The rhat statistic is larger than 1.01 for some parameters. This indicates problems during sampling. See https://arxiv.org/abs/1903.08008 for details
The effective sample size per chain is smaller than 100 for some parameters. A higher number is needed for reliable rhat and ess computation. See https://arxiv.org/abs/1903.08008 for details
We can use arviz
to tabulate and plot helpful diagnostics for the chains that we sampled above.
az.summary(trace)
[autoreload of cutils_ext failed: Traceback (most recent call last):
File "C:\Users\Adrian\Miniconda3\lib\site-packages\IPython\extensions\autoreload.py", line 276, in check
superreload(m, reload, self.old_objects)
File "C:\Users\Adrian\Miniconda3\lib\site-packages\IPython\extensions\autoreload.py", line 475, in superreload
module = reload(module)
File "C:\Users\Adrian\Miniconda3\lib\importlib\__init__.py", line 168, in reload
raise ModuleNotFoundError(f"spec not found for the module {name!r}", name=name)
ModuleNotFoundError: spec not found for the module 'cutils_ext'
]
mean | sd | hdi_3% | hdi_97% | mcse_mean | mcse_sd | ess_bulk | ess_tail | r_hat | |
---|---|---|---|---|---|---|---|---|---|
hiatuses[0] | 0.683 | 0.621 | 0.100 | 1.944 | 0.116 | 0.083 | 33.0 | 181.0 | 1.10 |
hiatuses[1] | 0.723 | 0.651 | 0.100 | 2.048 | 0.119 | 0.085 | 39.0 | 99.0 | 1.08 |
hiatuses[2] | 0.178 | 0.076 | 0.100 | 0.321 | 0.002 | 0.001 | 1601.0 | 1553.0 | 1.00 |
hiatuses[3] | 0.178 | 0.077 | 0.100 | 0.320 | 0.002 | 0.001 | 1229.0 | 1003.0 | 1.00 |
sed_rates[0] | 2.800 | 2.825 | 0.537 | 8.780 | 0.867 | 0.631 | 9.0 | 30.0 | 1.40 |
sed_rates[1] | 1.961 | 2.584 | 0.258 | 5.815 | 0.319 | 0.227 | 12.0 | 12.0 | 1.25 |
sed_rates[2] | 5.072 | 6.823 | 0.366 | 14.835 | 0.443 | 0.314 | 413.0 | 290.0 | 1.01 |
sed_rates[3] | 7.382 | 6.403 | 1.352 | 18.678 | 0.192 | 0.146 | 1402.0 | 1645.0 | 1.00 |
sed_rates[4] | 6.373 | 6.334 | 0.860 | 16.371 | 0.237 | 0.187 | 1266.0 | 1049.0 | 1.00 |
az.plot_trace(trace)
plt.tight_layout()
plt.show()
Generating age models¶
StratAge.AgeModel
implements a Bayesian model to generate samples of sedimentation rates and hiatuses, but, as mentioned above, these only yield floating age models by themselves. Sedimentation rates and hiatuses in the trace generated by the PyMC sampling can be aligned to the geochronology using the StratAge.AgeModel.trace2ages()
function.
This function returns posterior ages at requested stratigraphic heights. Note that this can take some time but is easily parallelized, so you can increase the n_jobs
parameter to use more processes for large traces.
n_h = 500
h = np.linspace(np.min(units_trim), np.max(units_trim), n_h)
t_posterior = agemodel.trace2ages(trace, h=h, n_jobs=4, method='random')
ci_95 = np.quantile(t_posterior, [0.025, 0.975], axis=0)
ci_68 = np.quantile(t_posterior, [0.16, 0.84], axis=0)
We can evaluate quantiles on the posterior age models and finally plot the Bayesian age model.
# true age model
t_true, z_true = stratage.age_depth(units, times)
# parameters for plotting pdfs
tol = 3
scale = 1
fig = plt.figure(figsize=(6,5))
ax = plt.axes()
# posterior predictive models
ax.fill_betweenx(h, ci_95[0, :], ci_95[1, :], facecolor='gainsboro')

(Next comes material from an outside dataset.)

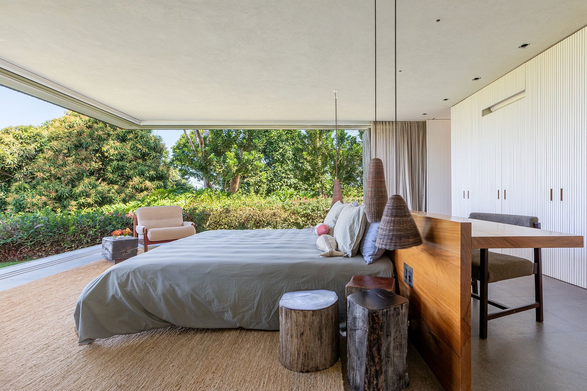 Al ingresar, el visitante se encuentra con un impresionante living abierto de más de 170 m², donde las áreas de estar y comedor se expanden en continuidad con el exterior. El mobiliario, cuidadosamente seleccionado en anticuarios de São Paulo y retapizado en tonos naturales, evoca una elegancia atemporal que contrasta poéticamente con el entorno tropical. Las puertas y paneles móviles de Viroc se pliegan como biombos, disolviendo los límites entre interior y exterior, y ofreciendo una experiencia sensorial marcada por transparencias, luces y sombras en constante transformación.

ax.fill_betweenx(h, ci_68[0, :], ci_68[1, :], facecolor='darkgrey')
# true age model and constraints
geochron.plot_constraints(ax=ax, facecolor='bisque', alpha=0.5)

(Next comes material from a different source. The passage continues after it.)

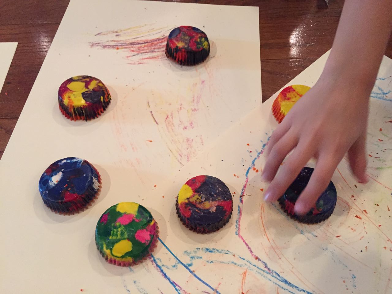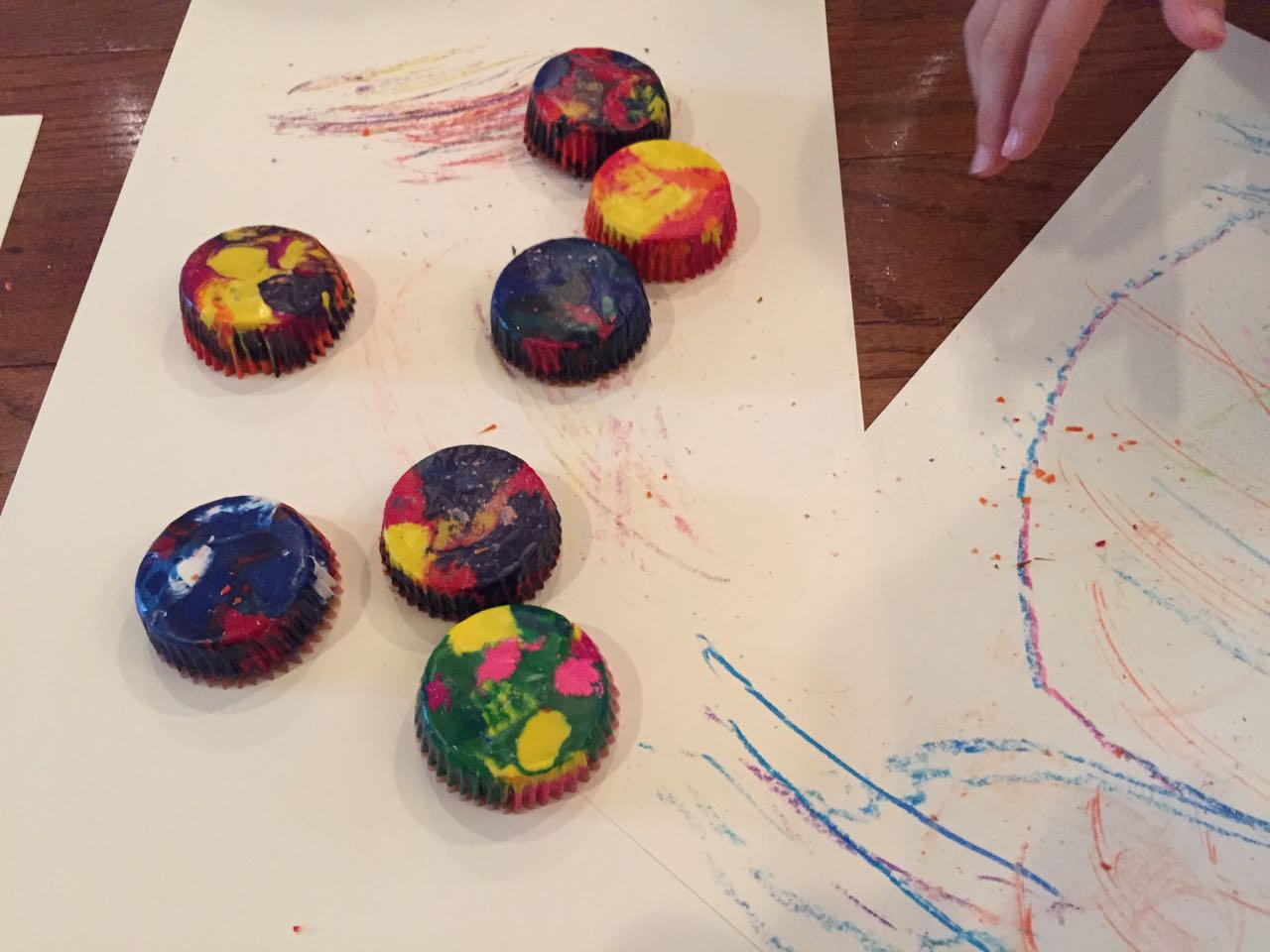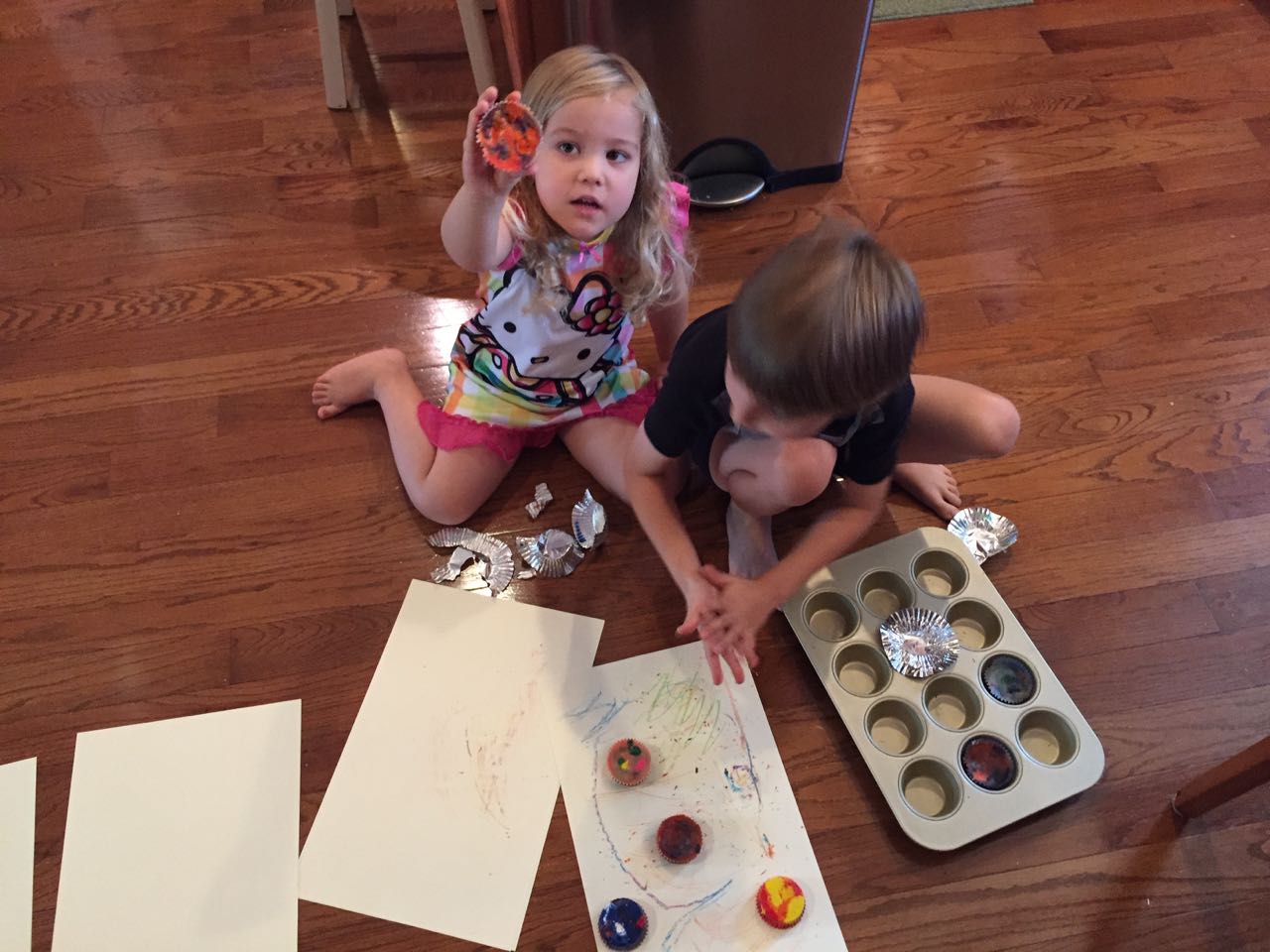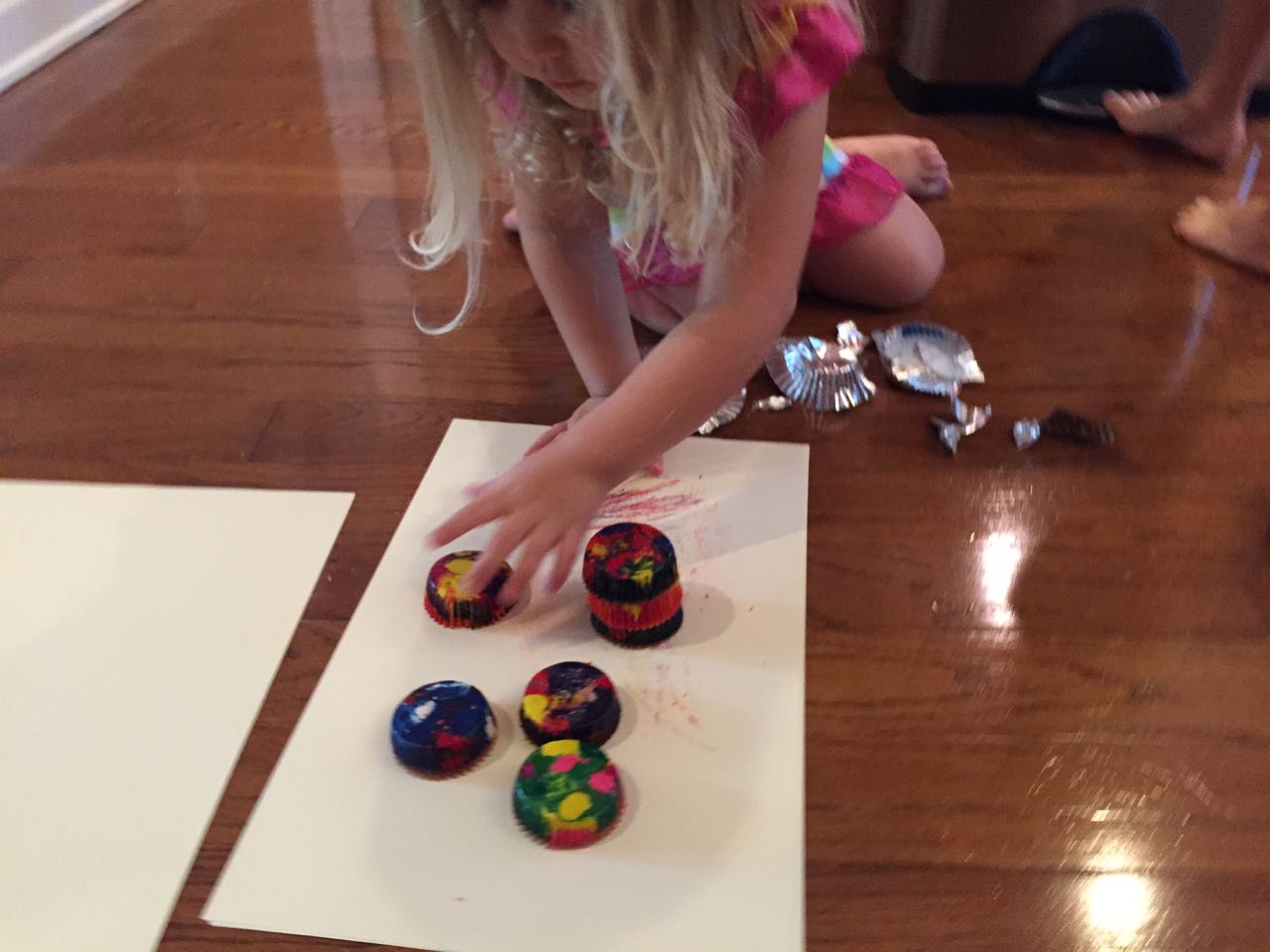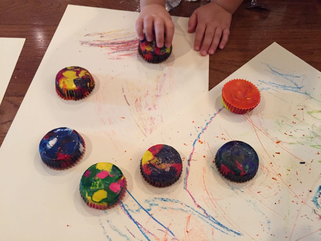 Just a fun Sunday at home..! Today the kids used all the broken crayons to melt down into rainbow crayon cupcakes. They had fun choosing their color combos, although we learned that crayon quality varies widely, which affects the quality of the blend. The majority of the broken crayons were cheap restaurant crayons, and yeah, they are mostly just wax, not a lot of pigment. Still, it was a fun activity. 🙂 The kids also amused themselves with Duplos and Brian’s new Star Wars Command toys (like little army men, but Star Wars characters) and this afternoon, we played with bubbles on the porch, and Brian played catch while Kendall had sandbox time in the back yard.

ax.plot(t_true, z_true, label='true age model', linewidth=2, color='k')
ax.grid()
ax.set_xlabel('Time')
ax.set_ylabel('Height')
ax.set_title('Synthetic constraints on true age model')
ax.set_xlim([-5, 1])
plt.show()
Here we can see how the structure of the posterior age model is distinctly different from existing age modeling approaches. The envelope shows “jumpiness” that reflects the possibility of hiatus at bedding contacts. We see that the true age model is solidly within the 95% credible interval, which is great. We can also see that the posterior distribution in absolute time for the middle geochronologic constraint is reduced compared to it’s reported uncertainty. This reflects the incorporation of the prior information about sedimentation rates and hiatus durations, as well as stratigraphic superposition.